Property tax rule pushing up cost of renting
Updated: 2011-02-12 10:59
By Xu Junqian (China Daily)
SHANGHAI - The government's latest property rules are providing extra impetus for rent increases in many Chinese cities, according to a survey conducted by China Youth Daily.
In the survey, 81.6 percent of the 4,060 respondents interviewed said they "are suffering from the increase in rents". Among them, 34.8 percent said their quality of life has been "greatly affected by the increase".
The respondents came from 31 different cities across the country, and nearly 70 percent of them were born in the 1980s.
Not surprisingly, those renting a home in big cities like Shanghai and Beijing were being hit the hardest.
On Jan 28, the Shanghai municipal government introduced the first ever property tax on buyers of second homes. The tax was the latest in a series of measures adopted by the central government in the hopes of reining in soaring property prices. The changes have also included restrictions on the number of homes that can be bought and an increase in the minimum down payments required for purchases of second homes.
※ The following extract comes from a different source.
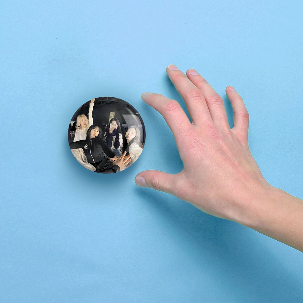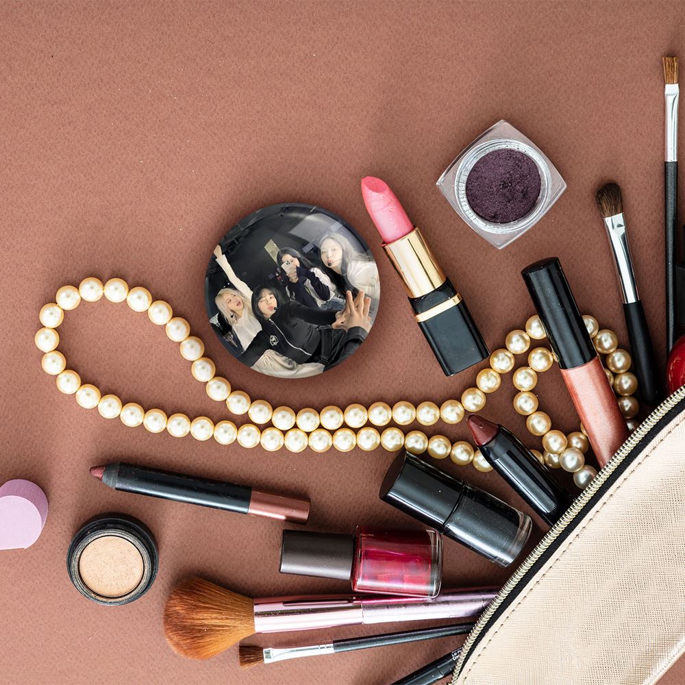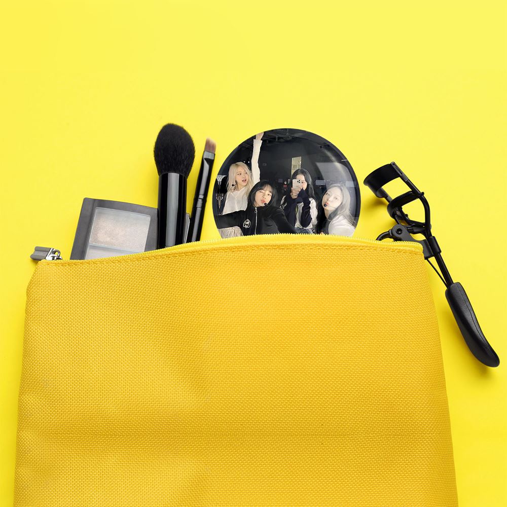 آینه های جیبی گروه بلک پینک Black Pink خندالو دایره ای به قطر 7.5 سانتی متر می باشد که نه خیلی بزرگ و غیر قابل استفاده در کیف آرایشی ست و نه خیلی کوچک که تصویر خاصی در آن مشاهده نشود. سایزی استاندارد و کارآمد دارد و مناسب قرار گیری در کیف لوازم آرایش و کیف های کوچک دستی نیز هست.

And the efforts are not confined to Shanghai. Chongqing municipality has also introduced a property tax.
"House rent has increased by 20 percent since mid-2010, and has climbed to a historic high level," said Li Yongzhe, a real estate agent of Gucheng Agency in Shanghai.
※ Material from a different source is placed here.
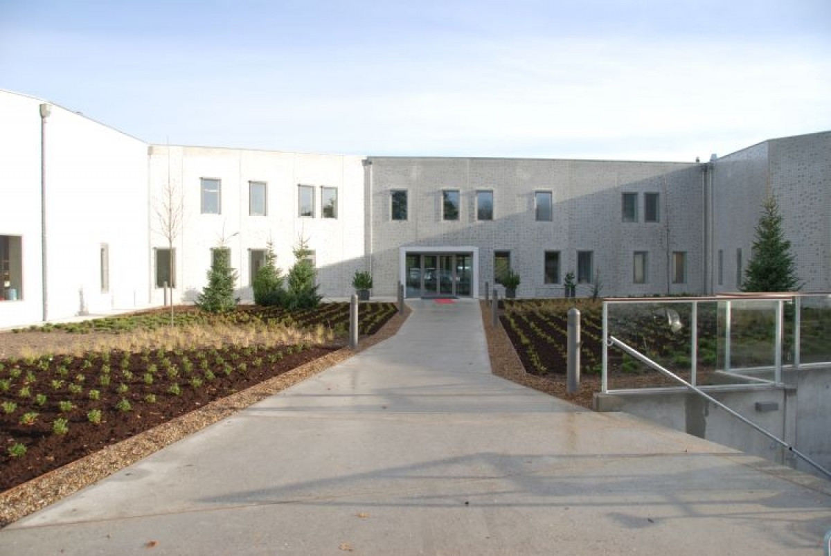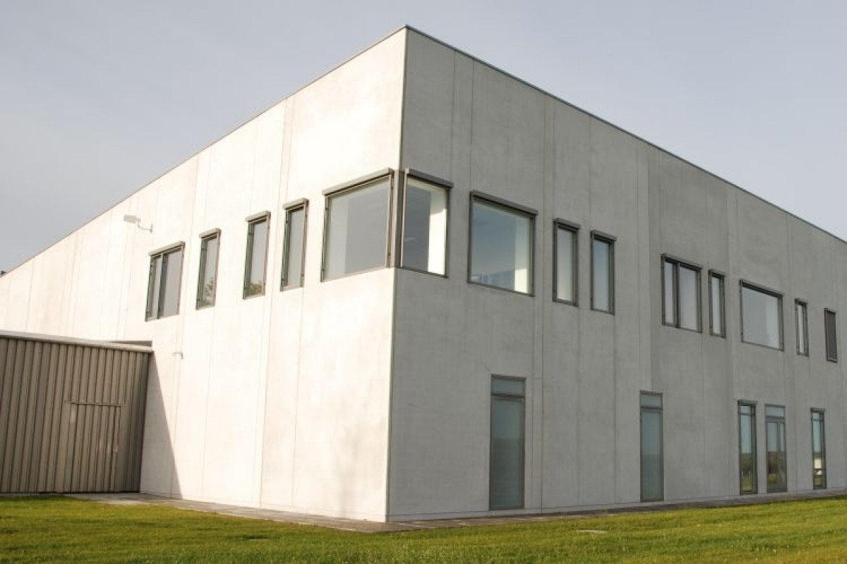 Den 2.500 m2 store bygning omfatter værksteds- og omklædningsfaciliteter, laboratorier, kantine, mødelokaler samt kontorafsnit.

"The government's tightening policy has scared away many potential buyers," said Li. "Instead of rushing to buy homes, many have chosen to rent."
That trend, he and other property agents said, has greatly driven up the demand for rental properties in Shanghai.
Shu Wei, a 24-year-old computer engineer from Central China's Hunan province who is now working in Shanghai, is thinking about moving to a remoter place in the city because he can't afford the rising cost of rent, even though he is sharing a two-bedroom apartment with two other people.
"I wouldn't even think of buying a house in Shanghai now," Shu said. "But housing issues have still become a burden for me."
"In the past several years, property prices have not been the only thing that has jumped; commodity prices have undergone a huge increase as well," he said. "Besides, the introduction of the property tax is also adding to the cost of property investment, and landlords are very likely to transfer all of the new costs to tenants."
He Yongfang, a landlord in Shanghai, agreed with Xue's opinion. She said that, while recently signing a contract with a tenant, she raised the rent she charges by 10 percent.
"The price of everything is inflating," said the 53-year-old housewife. "So it's reasonable that I increase my income a little bit."